О Шарове, пусть он многого действительно не знает, могу сказать то же самое. Пишет он в «Репетициях» без правил. В повести Гоголя нос исчезает у майора Ковалева 25 марта – в «день Благовещения у католиков».[302] Или: Никон «стал жаловаться, что не может решиться повесить в монастыре свой портрет (!)». Или: «28 апреля ровно через месяц после поздней в 1667 году Пасхи…» (ну как же Пасха, празднуемая в марте – начале апреля, может быть названа поздней, по какому стилю ни считай?).

Сопоставляя такие «мелочи» (мелочи? – как для кого) с кучей подобных же, выловленных в романе «До и во время», прихожу к выводу: Шаров допускает, впускает в текст все это не потому, что ленится заглядывать в энциклопедии и справочники, и не потому, что был когда-то не слишком внимательным студентом истфака, а потому, что в нем, и это типично, живет воля к принципиальному пренебрежению реалиями. Свою мифологию он развертывает на культурно-историческом пространстве Руси начиная со времен Никона и раскола – но не желает брать на себя по отношению к этому пространству даже обязательств внешней вежливости. Какими бы невегласами, суеверами и двоеверами ни были русские христиане – православные или старообрядцы, – они все же знали, что чаемое ими второе пришествие Спасителя не должно стать повторением Его распятия, а грядет «со славою» и что, однажды воплотившись, Бог-Слово не станет при конце времен перевоплощаться в какое-нибудь еще не опознанное лицо (даже хлыстовство не столь примитивно, и только сегодня, в пору одичания, для такого хода мысли находится шанс – ср. с сектой «виссарионовцев»). Однако, не допусти Шаров всего этого недопустимого, рухнул бы его многозначительный сюжет вместе с «околояновской» (имею в виду Александра Янова) историософией. И оказались бы невозможны такие вот места, на которых этот сюжет держится: Никон «мог думать, что именно в нем воплотится Христос… разделяя уверенность многих русских в том, что Христос воплотится, когда придет время… в одном из них»; француз же на эту роль не подходит, ибо «не может быть Сыном Божьим», зато что касается еврейского мальчика, любовника бродячей актерки, тут Никон «сразу же поверил, что Рувим был Христом». Уф!

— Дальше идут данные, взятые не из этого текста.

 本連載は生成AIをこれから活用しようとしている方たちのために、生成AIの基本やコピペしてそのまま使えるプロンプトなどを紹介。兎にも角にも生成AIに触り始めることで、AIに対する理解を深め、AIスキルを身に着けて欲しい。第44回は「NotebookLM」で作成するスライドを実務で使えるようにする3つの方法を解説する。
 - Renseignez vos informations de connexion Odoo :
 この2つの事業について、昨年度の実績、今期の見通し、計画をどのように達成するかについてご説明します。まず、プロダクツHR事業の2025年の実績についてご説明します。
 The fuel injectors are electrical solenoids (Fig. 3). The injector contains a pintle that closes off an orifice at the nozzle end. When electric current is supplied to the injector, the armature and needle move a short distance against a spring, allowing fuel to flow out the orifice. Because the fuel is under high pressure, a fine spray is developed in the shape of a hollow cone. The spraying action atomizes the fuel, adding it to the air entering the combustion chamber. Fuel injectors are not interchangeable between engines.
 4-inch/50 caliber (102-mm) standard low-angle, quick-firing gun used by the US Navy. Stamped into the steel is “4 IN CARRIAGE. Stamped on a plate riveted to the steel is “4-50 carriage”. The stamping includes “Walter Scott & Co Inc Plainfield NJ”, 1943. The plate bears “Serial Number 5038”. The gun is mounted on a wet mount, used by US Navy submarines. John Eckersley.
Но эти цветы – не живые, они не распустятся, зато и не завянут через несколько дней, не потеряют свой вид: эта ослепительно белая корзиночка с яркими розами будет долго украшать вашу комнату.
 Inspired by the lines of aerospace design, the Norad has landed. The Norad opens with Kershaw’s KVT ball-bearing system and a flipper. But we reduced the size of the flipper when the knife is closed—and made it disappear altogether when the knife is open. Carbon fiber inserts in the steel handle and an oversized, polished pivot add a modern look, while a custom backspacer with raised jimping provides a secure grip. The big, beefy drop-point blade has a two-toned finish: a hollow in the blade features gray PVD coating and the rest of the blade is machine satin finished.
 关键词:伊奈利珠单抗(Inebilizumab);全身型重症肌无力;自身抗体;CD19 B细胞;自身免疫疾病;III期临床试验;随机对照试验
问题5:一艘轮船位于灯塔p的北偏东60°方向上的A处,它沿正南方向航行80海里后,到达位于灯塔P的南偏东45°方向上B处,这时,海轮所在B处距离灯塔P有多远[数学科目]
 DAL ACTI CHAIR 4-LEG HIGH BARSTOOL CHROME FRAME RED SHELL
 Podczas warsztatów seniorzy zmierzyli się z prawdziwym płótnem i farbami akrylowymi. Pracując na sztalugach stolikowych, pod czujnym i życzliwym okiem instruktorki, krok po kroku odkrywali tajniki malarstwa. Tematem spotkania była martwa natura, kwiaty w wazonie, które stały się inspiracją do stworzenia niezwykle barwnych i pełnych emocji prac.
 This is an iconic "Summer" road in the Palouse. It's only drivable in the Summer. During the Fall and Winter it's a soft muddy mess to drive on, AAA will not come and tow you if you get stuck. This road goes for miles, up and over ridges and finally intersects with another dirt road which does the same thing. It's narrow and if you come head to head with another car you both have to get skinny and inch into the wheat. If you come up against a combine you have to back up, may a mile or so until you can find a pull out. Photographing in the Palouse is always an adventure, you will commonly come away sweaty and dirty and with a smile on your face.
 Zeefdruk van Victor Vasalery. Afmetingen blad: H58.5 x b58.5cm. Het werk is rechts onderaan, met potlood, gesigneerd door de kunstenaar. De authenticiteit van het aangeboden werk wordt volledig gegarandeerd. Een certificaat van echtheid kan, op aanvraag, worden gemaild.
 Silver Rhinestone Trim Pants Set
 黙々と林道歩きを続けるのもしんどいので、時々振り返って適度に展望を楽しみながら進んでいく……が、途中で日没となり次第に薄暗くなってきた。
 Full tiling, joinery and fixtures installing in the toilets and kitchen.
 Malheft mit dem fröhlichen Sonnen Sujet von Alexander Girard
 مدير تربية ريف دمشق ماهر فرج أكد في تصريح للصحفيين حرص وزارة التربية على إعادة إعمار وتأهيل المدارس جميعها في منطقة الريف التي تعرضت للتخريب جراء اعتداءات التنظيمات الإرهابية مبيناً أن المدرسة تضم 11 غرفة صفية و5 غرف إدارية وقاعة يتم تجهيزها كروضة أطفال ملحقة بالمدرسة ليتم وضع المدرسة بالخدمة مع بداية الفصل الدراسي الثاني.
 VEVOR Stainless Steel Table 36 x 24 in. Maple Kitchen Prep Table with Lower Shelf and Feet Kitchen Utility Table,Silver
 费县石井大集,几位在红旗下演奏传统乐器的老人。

За подменой исторического пространства несуществующим (если б экспериментальным! – у эксперимента есть четко оговоренные и отличимые от «полевых» условия) мне чудится небезосновательная уверенность автора, авторов, что живут они и пишут в стране, где уже ничего ни для кого не имеет значения. Отмерло культурное требование почтительности к имевшему место быть. Не любо – не слушай, а врать не мешай – этот девиз шагнул за все мыслимые границы.

Перейти на страницу:

Все книги серии Studia Philologica

Флейта Гамлета: Очерк онтологической поэтики
Флейта Гамлета: Очерк онтологической поэтики

Книга является продолжением предыдущей книги автора – «Вещество литературы» (М.: Языки славянской культуры, 2001). Речь по-прежнему идет о теоретических аспектах онтологически ориентированной поэтики, о принципах выявления в художественном тексте того, что можно назвать «нечитаемым» в тексте, или «неочевидными смысловыми структурами». Различие между двумя книгами состоит в основном лишь в избранном материале. В первом случае речь шла о русской литературной классике, здесь же – о классике западноевропейской: от трагедий В. Шекспира и И. В. Гёте – до романтических «сказок» Дж. Барри и А. Милна. Героями исследования оказываются не только персонажи, но и те элементы мира, с которыми они вступают в самые различные отношения: вещества, формы, объемы, звуки, направления движения и пр. – все то, что составляет онтологическую (напрямую нечитаемую) подоплеку «видимого», явного сюжета и исподволь оформляет его логику и конфигурацию.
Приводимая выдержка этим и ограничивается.